» **What this task involves**:
In the records below, begin at the line containing "Na 1. katu su" and end at the line containing "Thai woman holding"; quote every line in that span exactly, including both boundary lines, and no others.
___ Material shown
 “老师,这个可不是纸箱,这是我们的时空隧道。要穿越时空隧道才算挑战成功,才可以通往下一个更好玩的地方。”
______
___ Material shown
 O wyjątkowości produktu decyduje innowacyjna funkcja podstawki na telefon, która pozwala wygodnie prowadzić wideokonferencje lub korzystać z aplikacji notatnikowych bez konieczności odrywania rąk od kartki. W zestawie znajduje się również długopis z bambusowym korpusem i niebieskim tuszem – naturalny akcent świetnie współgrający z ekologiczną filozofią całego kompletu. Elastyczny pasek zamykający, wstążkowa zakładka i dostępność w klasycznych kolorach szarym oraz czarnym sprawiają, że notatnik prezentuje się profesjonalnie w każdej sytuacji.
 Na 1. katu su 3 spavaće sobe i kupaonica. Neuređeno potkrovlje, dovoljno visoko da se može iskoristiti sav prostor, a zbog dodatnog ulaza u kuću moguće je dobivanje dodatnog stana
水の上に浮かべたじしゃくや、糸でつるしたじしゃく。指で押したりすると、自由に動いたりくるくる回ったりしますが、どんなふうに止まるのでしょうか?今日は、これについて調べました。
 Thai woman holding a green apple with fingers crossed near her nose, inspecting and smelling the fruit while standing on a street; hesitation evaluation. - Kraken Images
______
___ Material shown
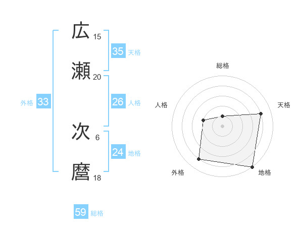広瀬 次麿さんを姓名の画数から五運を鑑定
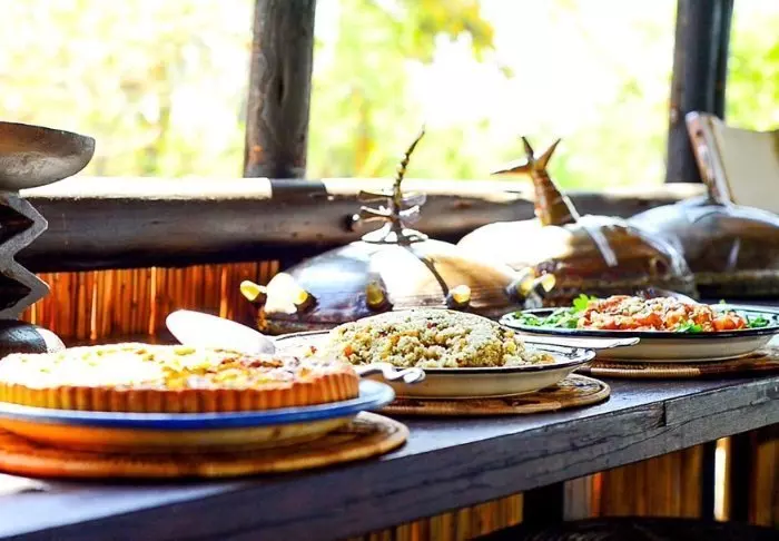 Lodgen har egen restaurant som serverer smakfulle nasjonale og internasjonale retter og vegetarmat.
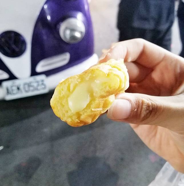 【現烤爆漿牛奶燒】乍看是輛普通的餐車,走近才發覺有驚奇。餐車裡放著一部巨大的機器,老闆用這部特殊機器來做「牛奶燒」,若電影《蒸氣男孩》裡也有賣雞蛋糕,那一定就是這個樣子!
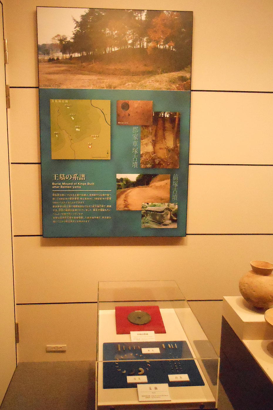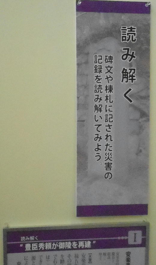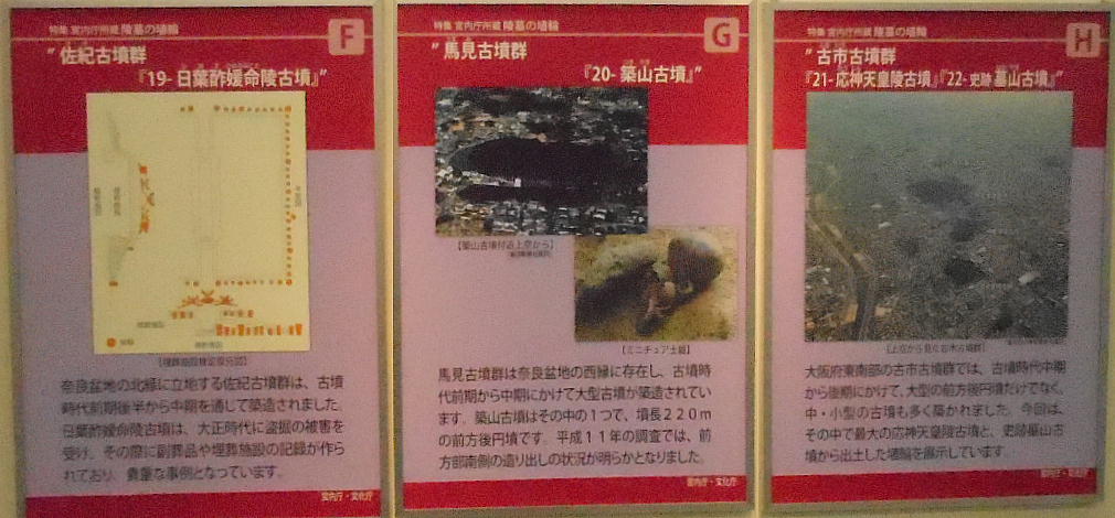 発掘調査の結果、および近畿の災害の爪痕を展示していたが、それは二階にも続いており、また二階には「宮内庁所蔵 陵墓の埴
______
» **Exercise solution**:
 Na 1. katu su 3 spavaće sobe i kupaonica. Neuređeno potkrovlje, dovoljno visoko da se može iskoristiti sav prostor, a zbog dodatnog ulaza u kuću moguće je dobivanje dodatnog stana
水の上に浮かべたじしゃくや、糸でつるしたじしゃく。指で押したりすると、自由に動いたりくるくる回ったりしますが、どんなふうに止まるのでしょうか?今日は、これについて調べました。
 Thai woman holding a green apple with fingers crossed near her nose, inspecting and smelling the fruit while standing on a street; hesitation evaluation. - Kraken Images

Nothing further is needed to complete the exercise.